Insgesamt finde ich es eine gute Ausgangsbasis für diese Demokratiekonferenz. Wir dürfen gespannt sein, ob sich hieraus etwas entwickeln wird, was uns weiterbringen kann.

  1. Februar 21, 2013 um 8:39 pm

    Es kommt langsam wieder alles in Erinnerung, was wirklich zivilisiert bedeutet:

  2. Februar 22, 2013 um 12:48 am

    Achtung der Veranstaltungsort der Frühlingskonferenz hat sich geändert!

    Die Veranstaltung findet statt im

    Gästehaus Leestahl
    Leestahl 3, 21368 Dahlenburg

  3. federleichtes
    Februar 22, 2013 um 1:07 am

    „Wie wir wirklich leben wollen“
    betrifft wohl vom „Wir“ her eher die Zielgruppe der 99 Prozent.
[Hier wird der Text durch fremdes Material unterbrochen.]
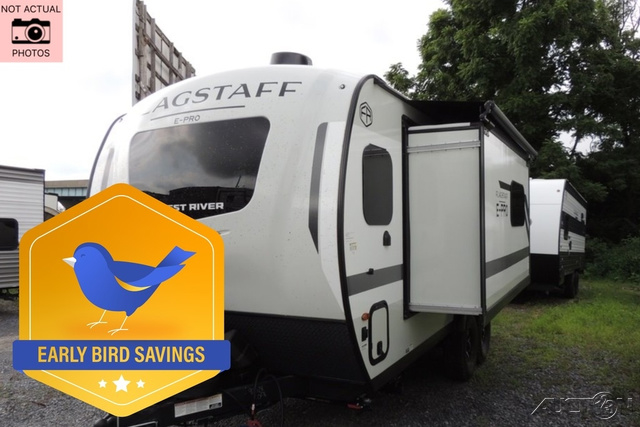 With any Flagstaff E-Pro travel trailer by Forest River, you will experience lightweight towing, style and features that will meet your needs, plus amenities that give you more than you expected! Built with interior and exterior composite sidewall construction for added strength and durability, a fully laminated roof for weather-tight protection, and aluminum truss roof bracing for enhanced stability.  These trailers are equipped with Dexter leaf-spring axles for smooth towing and durable performance. The interior features an aluminum dinette, bed, and bunk, providing a strong and lightweight framework for comfortable living. Additionally, the backup camera prep ensures a safe and stress-free reversing experience. Make your selection today!
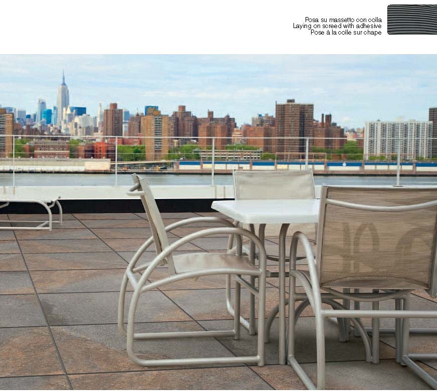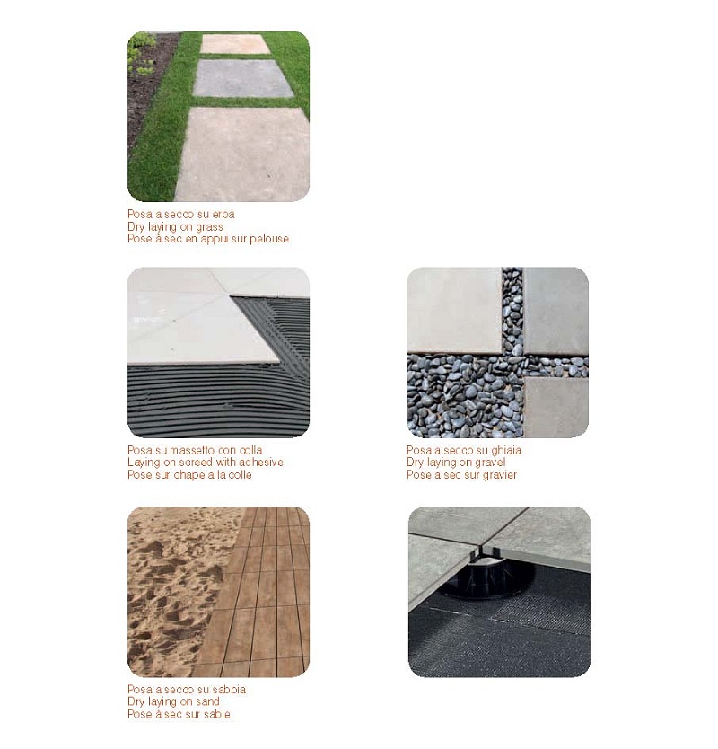 Pavimento per esterno con posa sopraelevata a secco. Materia pregiata e spessorata
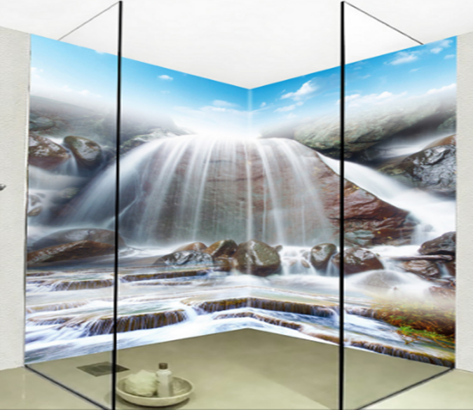3D Waterfalls Flow 097 Floor Mural Self-Adhesive Sticker Bathroom Non-slip Waterproof Flooring Murals
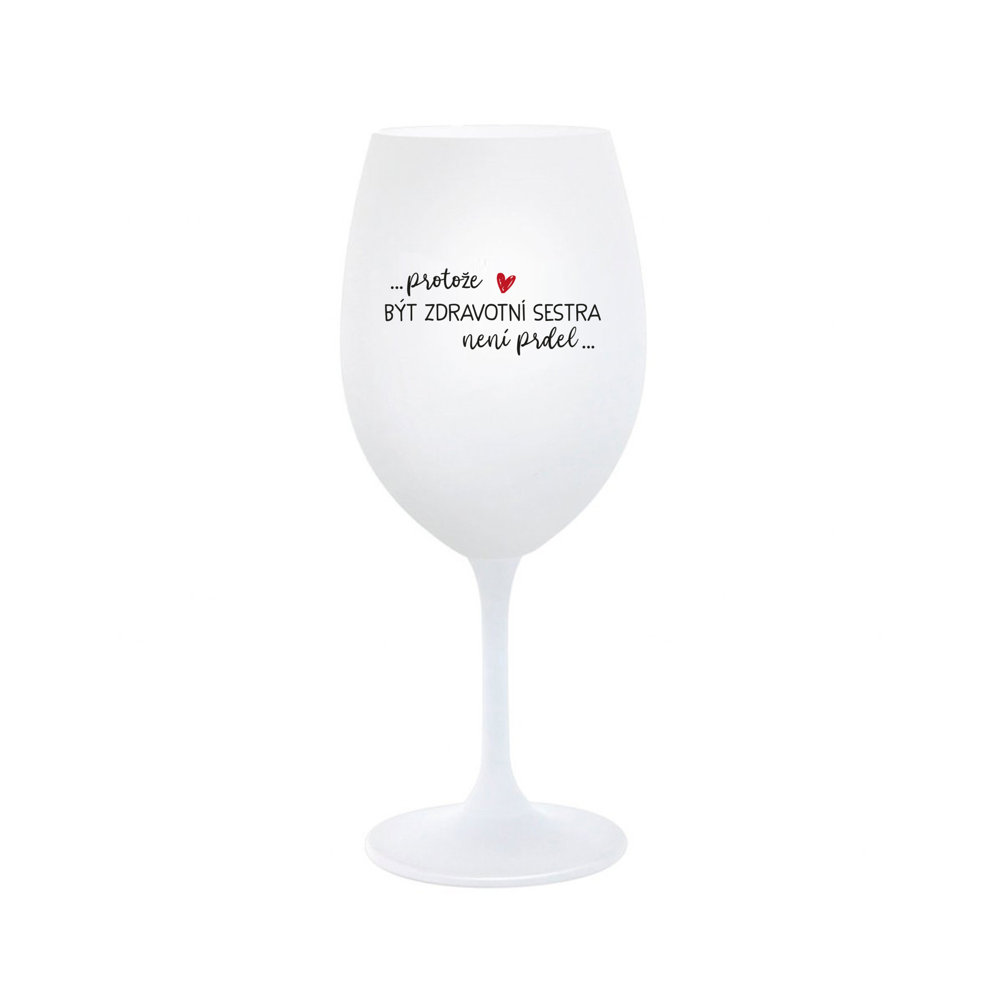 Vinná bílá sklenice s originálním motivem PROTOŽE BÝT ZDRAVOTNÍ SESTRA NENÍ PRDEL je krásným a osobitým dárkem, které ale využijete i Vy sami třeba ve chvílích, kdy si budete chtít zpříjemnit náročný den. Tyto originální vinné sklenice jsou totiž nejen pro výjimečné události, ale i pro běžné večery, které si chcete zpříjemnit sklenkou dobrého vína. Jistě proto potěší každého milovníka vína, i toho, kdo si umí svůj život vychutnat plnými doušky. Materiál sklo. Vyrobené s láskou v ČR
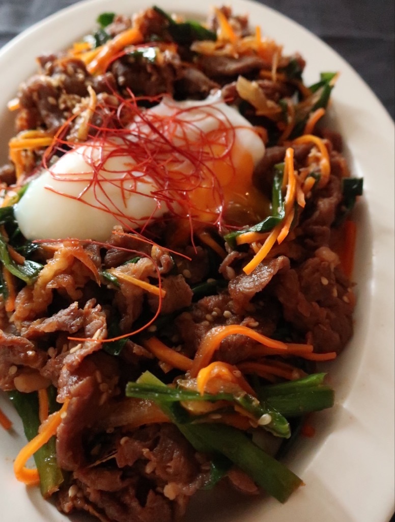 梨を千切りにして牛肉と漬け込むことでやわらかく、ジューシーな仕上がりになります。温泉卵をのせてマイルドになりご飯が進む一品です。
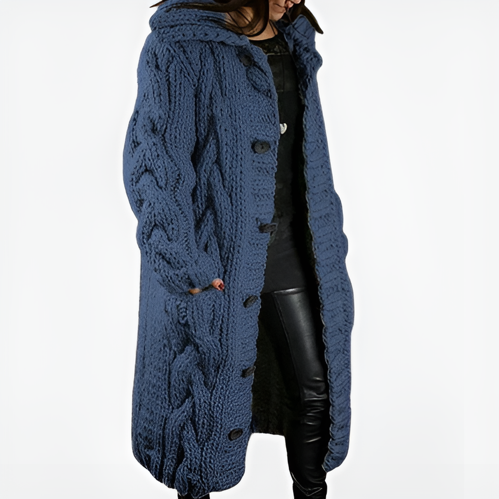 • Universāls stils — klasiskas krāsas un izteikts raksts: garais siluets, kapuce un dekoratīvais pīņu pinums piešķir eleganci un padara to viegli kombinējamu gan ar ikdienas, gan svinīgiem tērpiem.
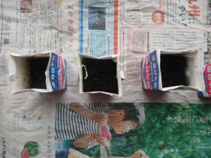 ツルレイシは,一人一つずつ牛乳パックで苗を育てています。なかなか芽が出てこないのですが,みんな毎日様子を観察しています。
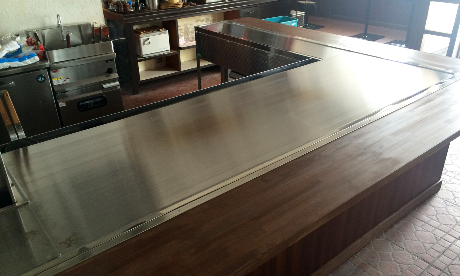 鉄板の隣にガスコンロ台を設置するための特注設計となっております。

Wenn ich Herrn Extra-Wagandt folge, ist die Welt mit Diesen und Jenen (Verschiedenheiten) doch völlig in Ordnung. Aber ne, da sind die Demokraten, die wählen und meckern. Da ist eine Konsens-Gesellschaft, deren Konsens darin besteht, mit so wenig Leistung als möglich so viel als möglich abzugreifen. Klar, das Effizien-Gesetz bedenkt nicht alle gleichmässig wohlwollend, da meckert man halt ein bisschen.
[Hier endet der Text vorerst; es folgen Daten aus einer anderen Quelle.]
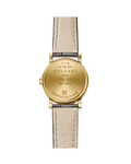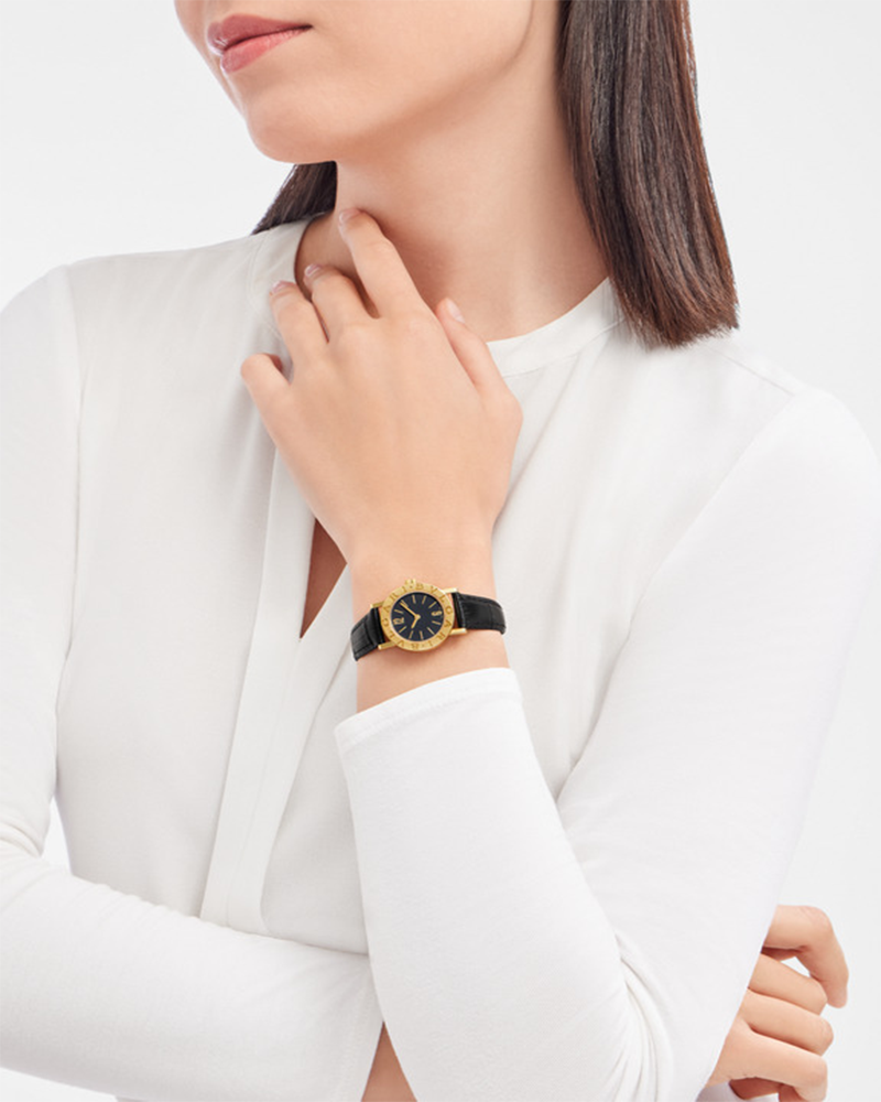 A reinterpretation of the iconic model first launched in 1977, the timeless BULGARI BULGARI watch with an 18 kt yellow gold case and black leather bracelet embodies a story of bold creativity and innovative Italian style. Inspired by the curved inscriptions on ancient Roman coins, the unmistakable double logo engraved on the bezel propelled the brand's name to the status of iconic design Maison, for a watch that sparked a revolution and remains a powerful reference point that transcends both time and trends. In an elegant play on contrasts, the black opaline dial is lit by gold-coloured hands and indexes.
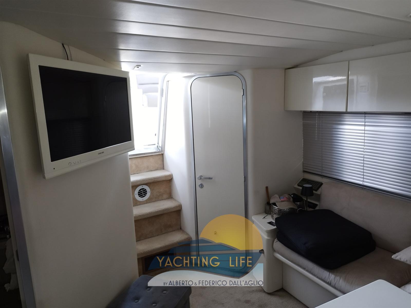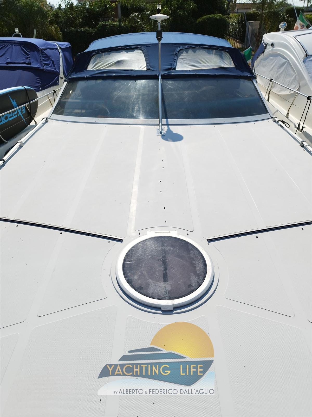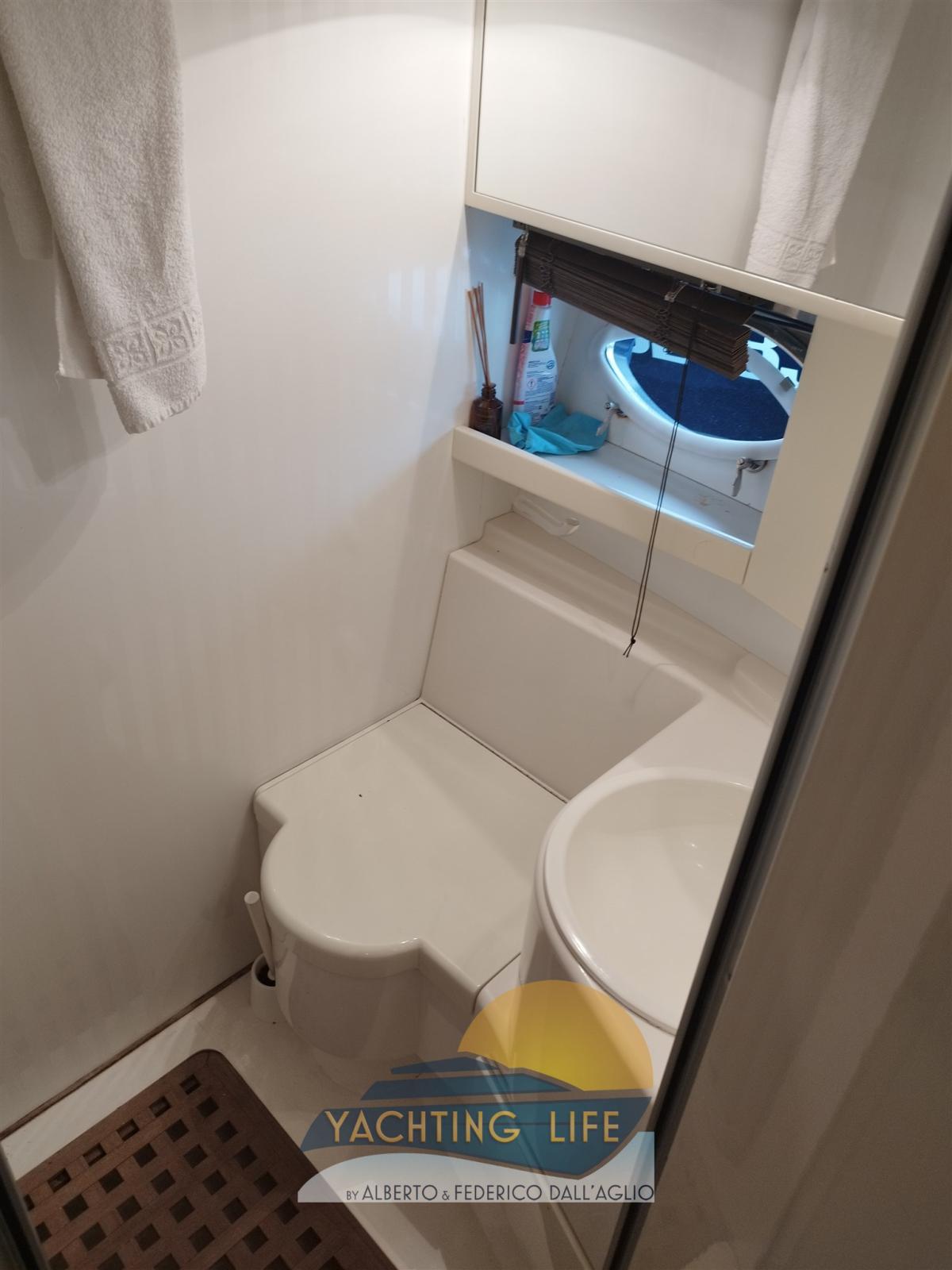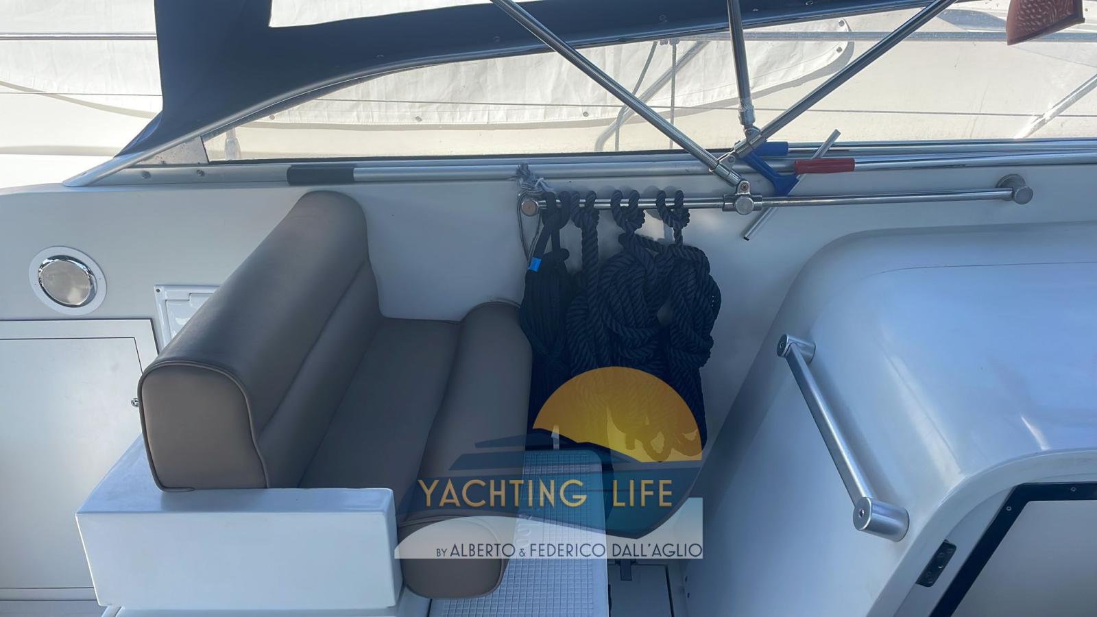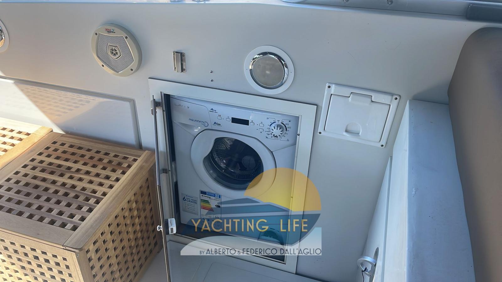 Alarme moteur, Eau sous pression, Couleur spéciale (Scafo bianco e blu), Douche de cockpit, Flaps électriques, Éclairage de courtoisie, Spots sous-marins, Passerelle (Idraulica), Plateforme arrière (Allungata), Pompe de cale automatique, Porte latérale, Prise de quai, Guindeau électrique (Motore 2022), Echelle de bain, Selles pour Annexe, Corne.

    Ich fühle mich die Tage zunehmend dämlicher. Und ich hoffe, die Entwicklung hält noch eine Weile an. Nun sprach ich hier großmundig über Bewusstsein und Trauma, und es war doch klar, wie das enden würde. Nun sprach ich einiges, aber einiges auch noch nicht. Insbesondere über einen Effekt, der dem Trauma zumindest ähnlich ist: Die Verdrängung. Schauen wir auf Einsteins Worte:
    „Zwei Dinge sind unendlich, das Universum und die menschliche Dummheit, aber bei dem Universum bin ich mir noch nicht ganz sicher.“

    Die menschliche Dummheit ist unendlich! Da sagt der Normalbürger: „Ja, unser Albert, das war ein kluges Kerlchen“.
    Versteht ihr, der Mensch IST nur lebensfähig, weil er seine wesentlichste Eigenschaft verdrängen kann. Und weil er IMMER jemanden findet, der in seinem Sinne sehr dämmlich ist.
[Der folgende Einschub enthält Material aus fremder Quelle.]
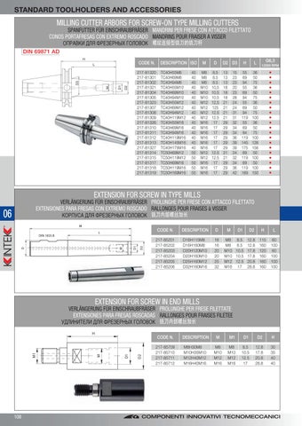 SPANFUTTER FÜR EINSCHRAUBFRÄSER MANDRINI PER FRESE CON ATTACCO FILETTATO CONOS PORTAFRESAS CON EXTREMO ROSCADO MANDRINS POUR FRAISER A VISSER ОПРАВКИ ДЛЯ ФРЕЗЕРНЫХ ГОЛОВОК 螺纹连接型铣刀的铣刀杆 DIN 69871 AD CODE N.
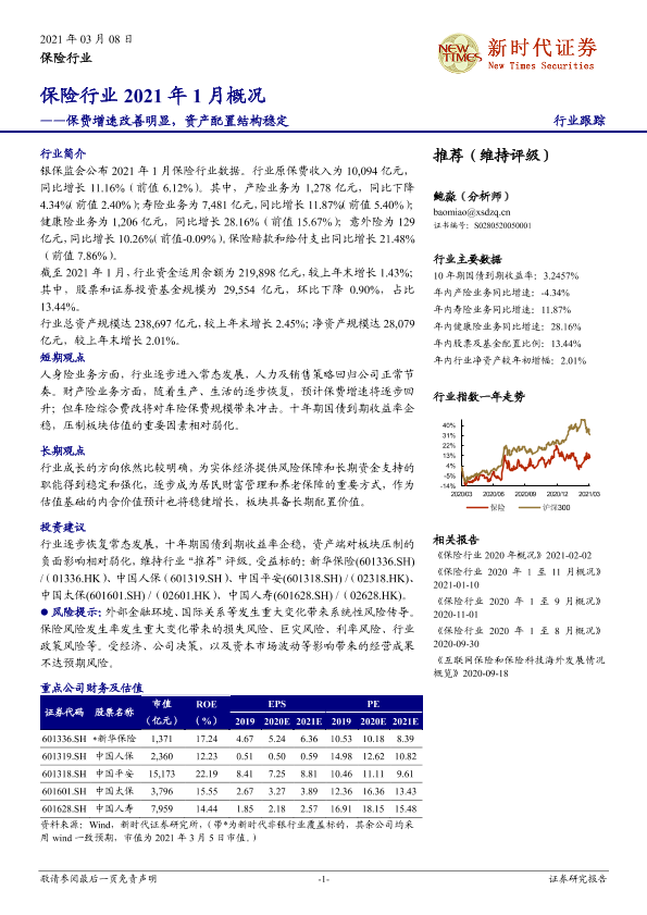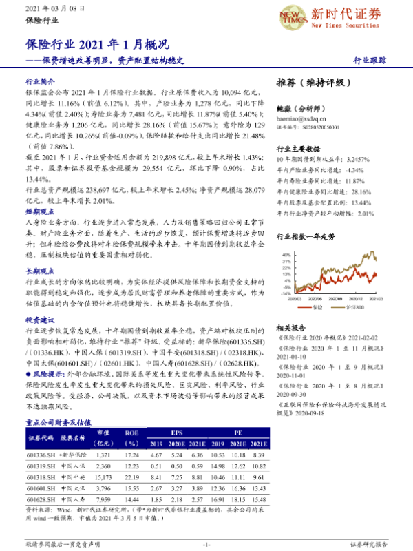 【新时代证券】【20210308】保险行业2021年1月概况:保费增速改善明显,资产配置结构稳定-13页
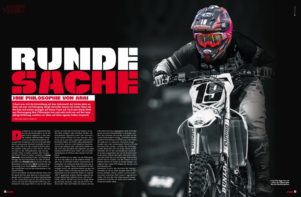 Der Helm-Sektor ist ein stark umkämpfter Wirtschafts-Zweig, indem immer wieder neue Technologien auf dem Markt erscheinen. Für den Kunden ist es oft schwierig diese Technologien in puncto Sicherheit miteinander zu vergleichen und auch wir maßen uns diesbezüglich keine Bewertung an. Ein Hersteller, der auf sensationell neue Technologien verzichtet und an seiner traditionellen aber durchdachten Philosophie festhält ist Arai. Ist das nun antiquiert oder gar nicht so schlecht? Wir haben uns mit Stefan Makowski von Arai Deutschland über deren Firmen-Philosophie unterhalten und einige interessante Theorien rund um das Thema Helm von ihm erfahren.

    Also, Freunde, dafür brauche ich keinen anderen Menschen, ich gehe diesen Prozess ganz mit mir alleine hin zur Volldämlichkeit. Mit der muss man nämlich per Du sein bei dem Versuch, Menschen zu helfen, die sich für besonders klug halten.

    Allen einen gelassenen Tag.

    Wolfgang

  4. Gerd Zimmermann
    Februar 22, 2013 um 1:43 pm

    „Wenn ich Herrn Extra-Wagandt folge,“

    Wolfgang folge mal “ Por una cabeza-quartetet extravaganzen“

    oder der Popguppe Karusell: Das einzige Leben.